Charles Stahl, Benedikt Placke, Vedika Khemani, Yaodong Li (Jan 12 2026).
Abstract: Symmetry-breaking order at low temperatures is often accompanied by slow relaxation dynamics, due to diverging free-energy barriers arising from interfaces between different ordered states. Here, we extend this correspondence to classical topological order, where the ordered states are locally indistinguishable, so there is no notion of interfaces between them. We study the relaxation dynamics of the three-dimensional (3D) classical
Z2 lattice gauge theory (LGT) as a canonical example. We prove a lower bound on the mixing time in the deconfined phase,
tmix=exp[Ω(L)], where L is the linear system size. This bound applies even in the presence of perturbations that explicitly break the one-form symmetry between different long-lived states.

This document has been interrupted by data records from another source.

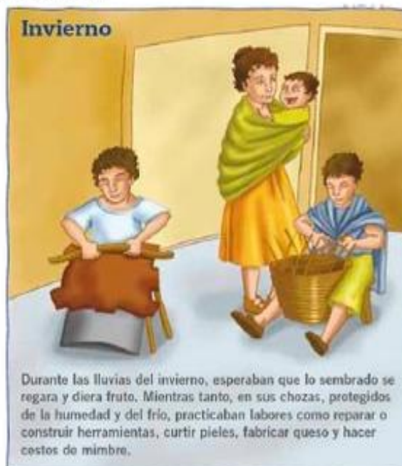
Durante las lluvias del invierno, esperaban que lo sembrado se regara y diera fruto. Mientras tanto, en sus chozas, protegidos de la humedad y del frío, practicaban labores como reparar o construir herramientas, curtir pieles, fabricar queso y hacer cestos de mimbre.

1. Pinta con rojo los productos que consumían los antiguos romanos. Identificar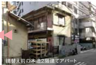
建替前の木造2階建てアパート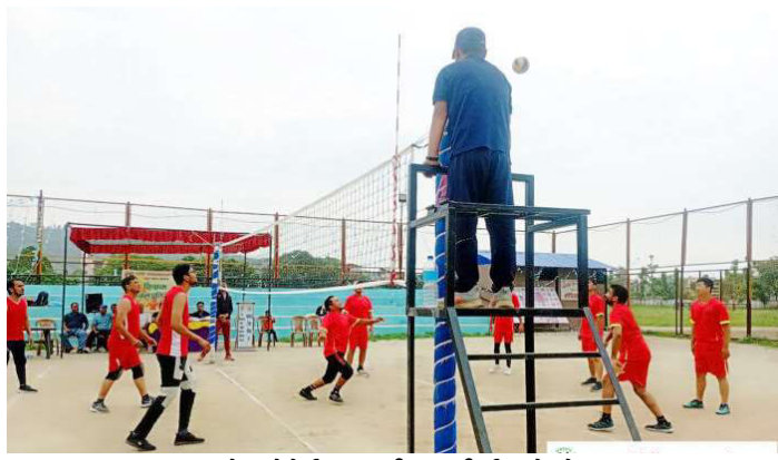
कमाने एकेडेमी र जनप्रिय माविबीचको खेल ।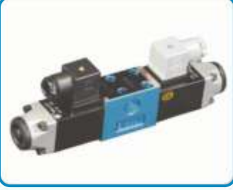
NG5 YÖN KONTROL VALFLERİ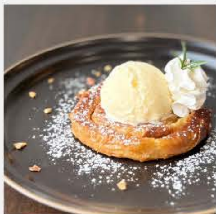
渦巻フレンチトースト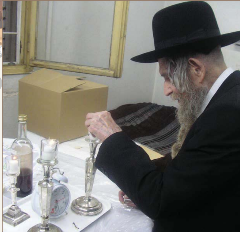
עם כניסת השבת

אמר לו מרן: אדרבה ואדרבה. מרן ה'חתם סופר' שידע את המשמעות של חטא ויודע כמה הוא פוגם וכו', דווקא מרן ה'חתם סופר'. ככל שהארם גדול יותר הוא מפחד עוד יותר. 'אנשים של מנחה מעריב' לא יתבעו מהם כמעט... כי אדרבה, מי שגדול תובעים ממנו יותר. אחד הנוכחים שאל: "אם כן אולי כדאי לא להיות אדם גדול"... רבינו הביט עליו ואמר "ואולי כדאי להיות בהמה או תרנגול?"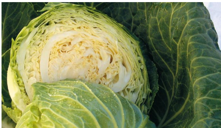
► Col blanca

desde la antigüedad para la preparación de sopas y como alimento de los animales de granja con el objeto de mejorar la calidad de su carne. Las Brassicas son en esencia hortalizas de invierno, pero gracias a la existencia de numerosos cultivares y a las diversas procedencias, pueden encontrarse disponibles durante todo el año.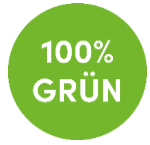
Strom von AECO

Die Tarifkarte ist ein integraler Bestandteil Ihres Liefervertrags mit AECO.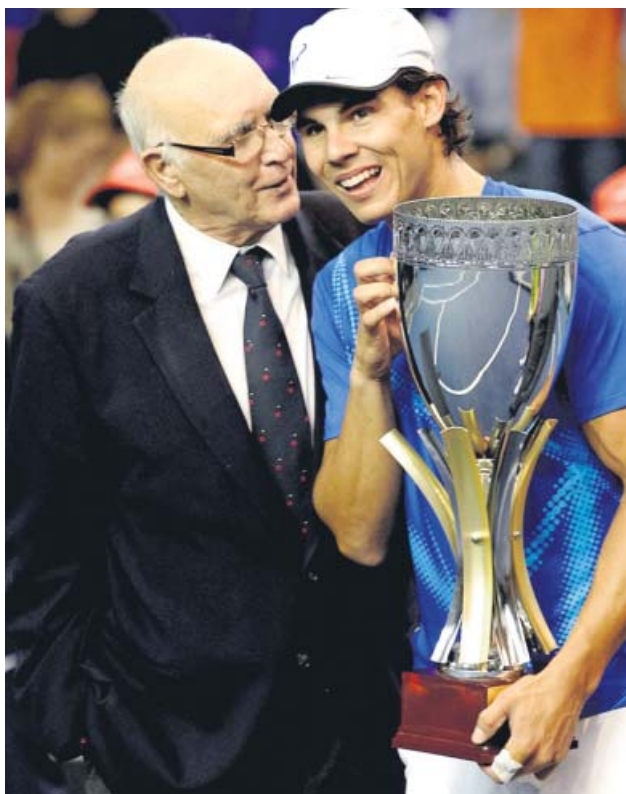
A la izquierda, Gimeno levantando su Roland Garros, en 1972. A la derecha, con Rafa Nadal.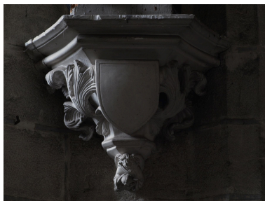
Vue de détail, culot. IVR31_20106207179NUCA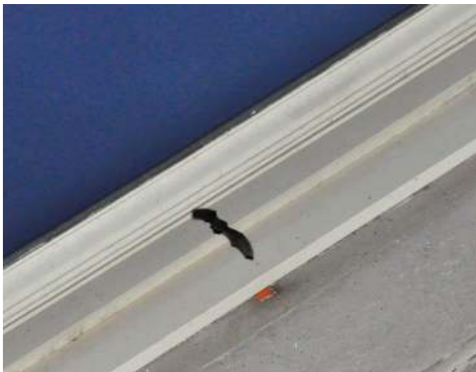
Vleermuis

This perturbation destroys the energy barriers between ordered states, but we show that entropic effects nevertheless lead to diverging free-energy barriers at nonzero temperature. Our proof establishes the LGT as a robust finite-temperature classical memory. We further prove that entropic effects lead to an emergent one-form symmetry, via a notion that we make precise. We argue that the exponential mixing time follows from universal properties of the deconfined phase, and numerically corroborate this expectation by exploring mixing time scales at the Higgs and confinement transitions out of the deconfined phase. These transitions are found to exhibit markedly different dynamic scaling, even though both have the static critical exponents of the 3D Ising model. We expect this novel entropic mechanism for memory and emergent symmetry to also bring insight into self-correcting quantum memories.